No (or flawed) feasibility study
Some inexperienced ‘developers’ think they can just buy a site that can be subdivided and the banks and lenders will throw money at them to do a development. This may have been true at one time, but in today’s economic climate, it is no longer possible. To get funded, you need to have a feasibility study that demonstrates that the site can be developed and what you are developing will sell and make a profit. However, you can’t just make up flawed numbers to put into a feasibility study. For example, sales prices must be researched and justified based on comparable recent sales and not just those that sold at the top price point. Make sure you consider the true costs of all relevant factors as items like taxes/levies, marketing costs and contingency are often overlooked. There is proprietary software available that can help ensure that you did not overlook anything but it will not make sure that you entered the correct amounts.
Shopping your deal around
Shopping your deal around can be a killer.

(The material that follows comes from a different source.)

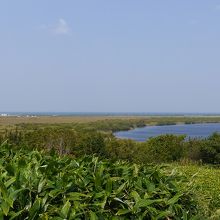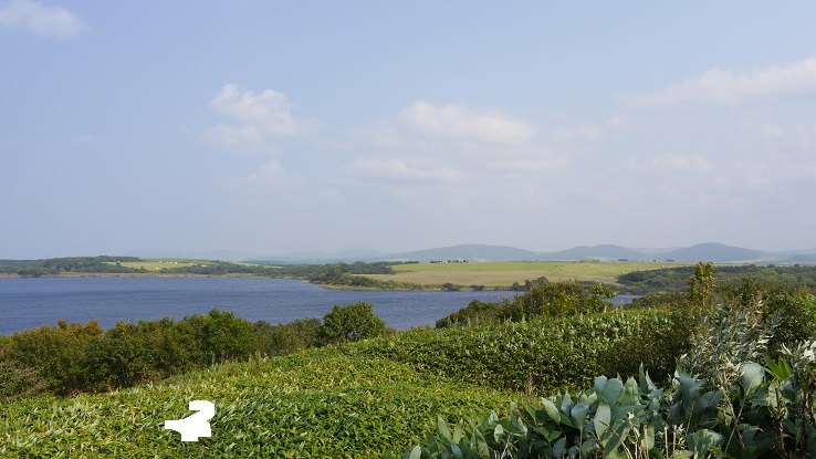 稚内空港の入口の道道1059号をゴルフ場方面に直進。メグマ原生花園の木道に入るかゴルフ場そばのメグマ沼自然公園入口から眺めることができる沼。どちらかというと高さがある分、ゴルフ場そばからのほうが全景を眺めやすい。周辺はあまり遮るものがないので遠くまで見晴らしがよい。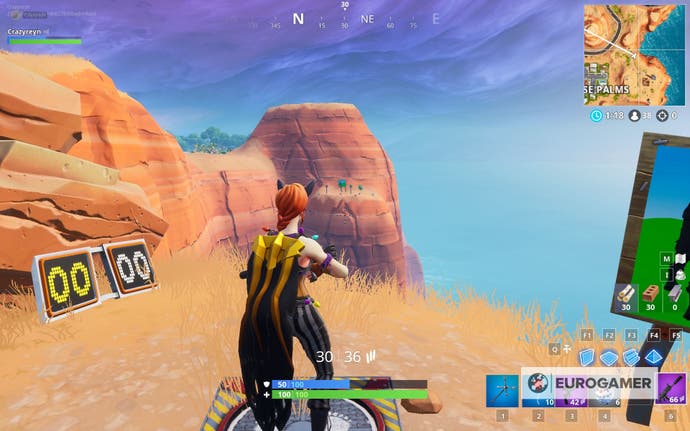 Det svåraste skjutgalleriet som någonsin träffat världen av Fortnite kommer i form av detta långväga tredje etappskyttegalleri som är nordost om Paradise Palms. Spelare måste stå vid kusten och skjuta över en oceanisk klöv till en långt avsats. Enskyttskyttare gör inte tricket på grund av deras klumpiga omlastningstider.

It is a bit like applying for a home loan to every bank and lender – you will destroy your credit file and have all of the lenders wondering what is wrong with you or the property/deal. Ironically, by shopping around for a better/cheaper deal you may end up with only being able to get an expensive option.
Missing or incorrect information
Wrong information on your application is a big no-no. Even if you have been bankrupt before, there are lenders that will fund you. If you omit that you have been bankrupt, however, it is likely that you will be found out. Then you will have trouble as the other aspects of your finance application will not be considered credible, thus making you higher risk.
As mentioned above, pre-sales are a distinct advantage and a prerequisite for many lenders. If you have sufficient pre-sales to cover your debt, then you are seen a lower risk. You don’t want to be stuck with a lot of unsold stock at the end of the development only to find that you are unable to sell it yet you need to sell to repay debt. Getting pre-sales at the concept stage of a development can be more difficult, however, as it is easier to sell something that exists or is taking shape and people can see and imagine rather than a vacant block. Getting pre-sales can also take time and may delay your project start if you have insufficient pre-sales to satisfy your lender. This is another situation where a private funder that does not require pre-sales can mean that you get your project going.
Of course, there are many other factors that can end up getting your finance rejected by a lender. In many cases there are private lenders that will accept you if you have a profitable development, but the cost of borrowing is likely to be higher. In fact, with good development using private funders you could end up funding 100 per cent of the development cost without having any pre-sales.